Research shows that the written word carries only about 7% of the true meaning of what you communicate and 38% is carried in the way that things are said. A full 55% of the meaning and the feelings behind a communication are carried in facial expressions and other nonverbal signals such as gestures and body movement.

With these statistics as background, it’s no wonder that there are certain circumstances under which face-to-face meetings are the only way to go:

  1. to resolve a conflict
  2. where there are strong feelings
  3. when people hold different opinions
  4. you need commitment to a change or new idea
  5. in important negotiations
  6. when you need to develop relationships.

But when the time, cost or danger involved in gathering executives together from different locations, countries, and time zones is prohibitive, audio and videoconferencing become attractive alternatives.

Web and video conferencing allow real time communication as if everyone involved is in a room together. Computers, software, video cameras, speakers, microphones and fast internet connections have to be available and compatible. Unfocussed video cameras and microphones that send out hissing sounds can spoil the whole show.

Video conferencing can be expensive to install and tricky to operate. Careful planning is required for its success. Web conferencing, where users remain in their own offices, reduces some of the technological hazards.  But for both, users must behave as if they are on camera…at all times!

Cameras have trouble with black, white and red; and with tight patterns, pin stripes and geometric shapes.  Cell phones, gum, coins and any pen that you can click are distractions. Gestures should be smaller than usual and not come between your face and the camera. Mannerisms such as touching your face or hair, fidgeting with jewellery, and overuse of words such as actually, okay or um, all detract from the content of what you say.

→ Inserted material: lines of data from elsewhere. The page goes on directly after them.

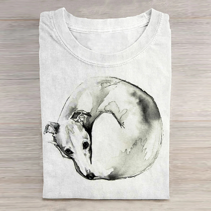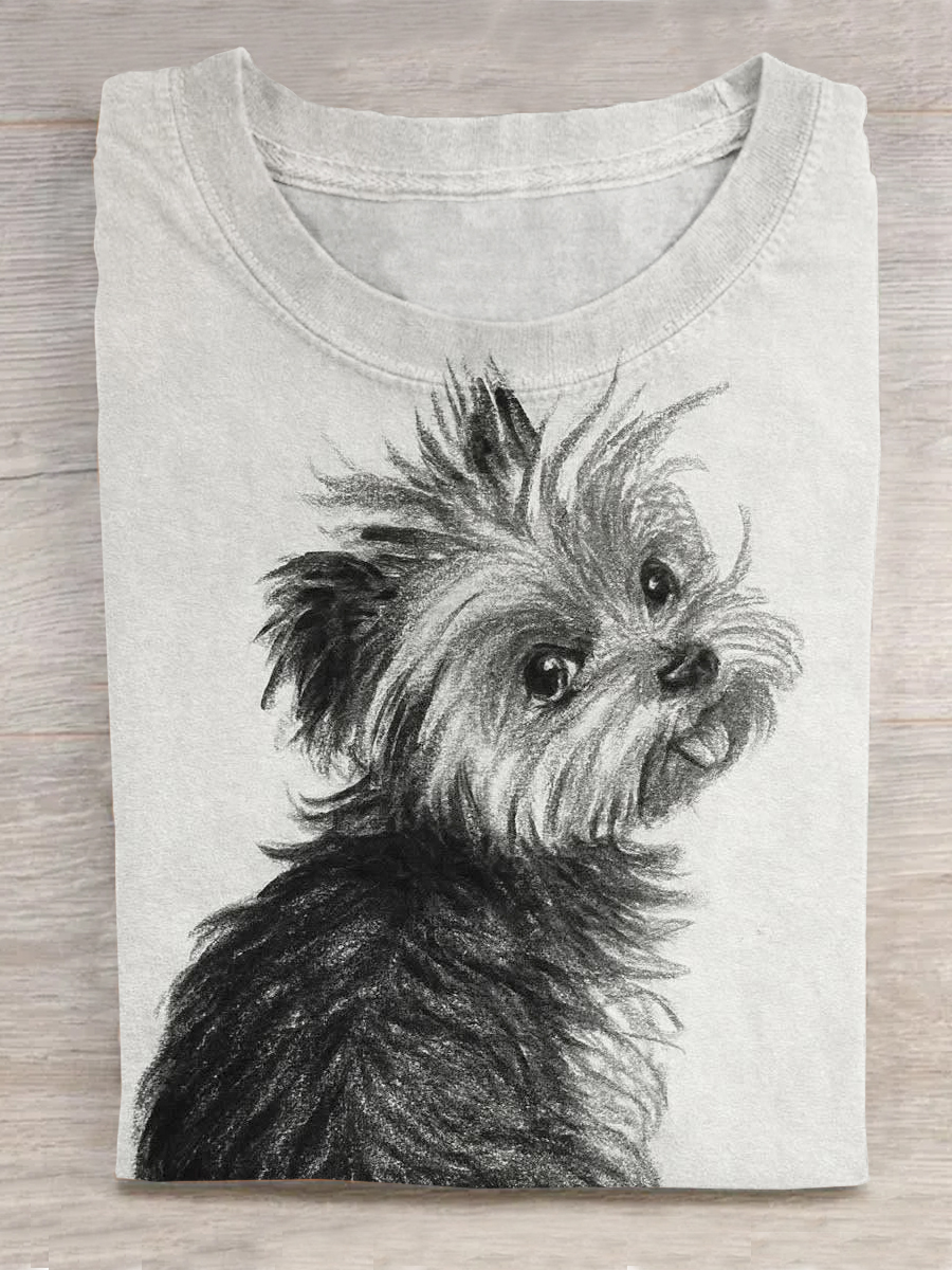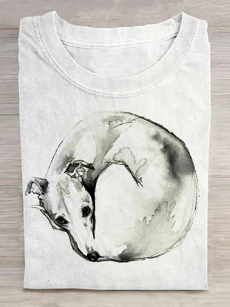 Dog Art Print Casual Short Sleeve Round Neck T-Shirt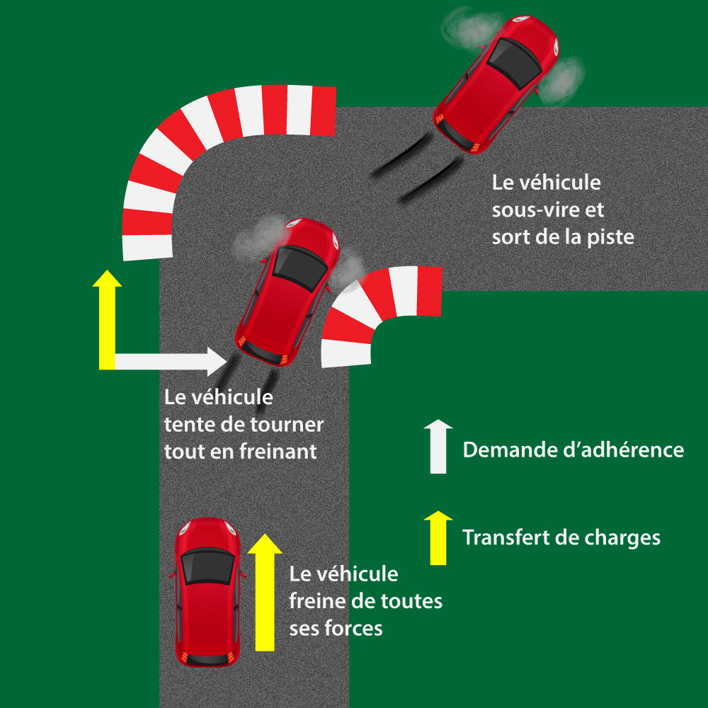 Un transfert de charge important va s’opérer vers l’avant, s’approchant des limites d’adhérence des pneus. Si le conducteur tente en plus de tourner sans relâcher les freins, les pneus avant vont glisser de la même manière que précédemment.
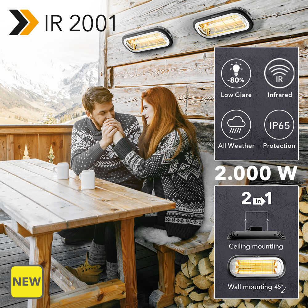 We can take pots of coffee outside for longer now. On the balcony, the terrace or even in outdoor areas in the catering trade. With the new IR 2001 design infrared radiant heater, shivering on chilly days is a thing of the past. Mounted on the wall or ceiling, a full 2,000 watts of infrared heating power guarantee summer temperatures without preheating. The high-quality, low-glare infrared tube reduces the light intensity by up to 80%. And thanks to the housing designed according to protection class IP65, the compact infrared heater is reliably protected from wind and rain. We’ll gladly take another full cup of coffee …, uh pot!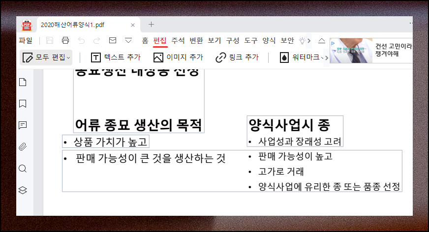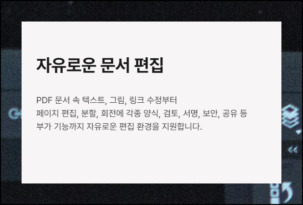 특히 원본 파일이 없어도 PDF 내용을 직접 편집할 수 있어 업무 효율성을 크게 높여줍니다. 워터마크, 머리글, 꼬리글 기능까지 무료로 사용할 수 있어요.

In spite of all the care, it can still sometimes be difficult to really see how a particular person or group is reacting in a web or video conference.

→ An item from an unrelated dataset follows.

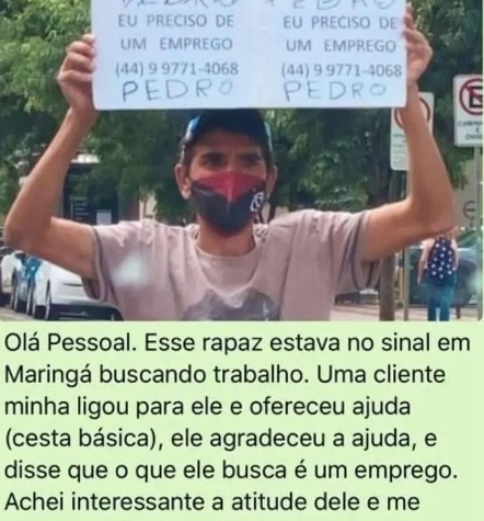 O primeiro contato da colega de Raiza foi para oferecer ajuda com uma cesta básica ao homem que pedia emprego no semáforo, em Maringá, mas ele não aceitou e enfatizou que o buscava mesmo era uma oportunidade de trabalho. Ela, então, compartilhou uma foto do homem segurando o cartaz em um grupo de profissionais de Recursos Humanos. E foi por meio desta mensagem que Raiza o conheceu.

Audio conferencing by telephone works when the content of the communication does not rely on visual input. Its main advantage is convenience. People can be part of a call from almost anywhere at any time: coffee shop, airport, home, or the golf course. Little technology or skill in its use is required.

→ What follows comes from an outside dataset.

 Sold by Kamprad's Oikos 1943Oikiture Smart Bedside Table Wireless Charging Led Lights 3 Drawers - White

Its main disadvantage is that all non-verbal communication is lost; reactions and feelings are hard to gauge or interpret. It’s difficult to look at documents during calls and a high level of concentration is required throughout. Since over 80% of people are visual learners, audio conferencing does not create a generally effective learning environment.

The decision on whether a face to face meeting can be justified rests on practicalities and on the intention of the meeting. Sometimes there’s simply no alternative to sitting down together and sorting things out.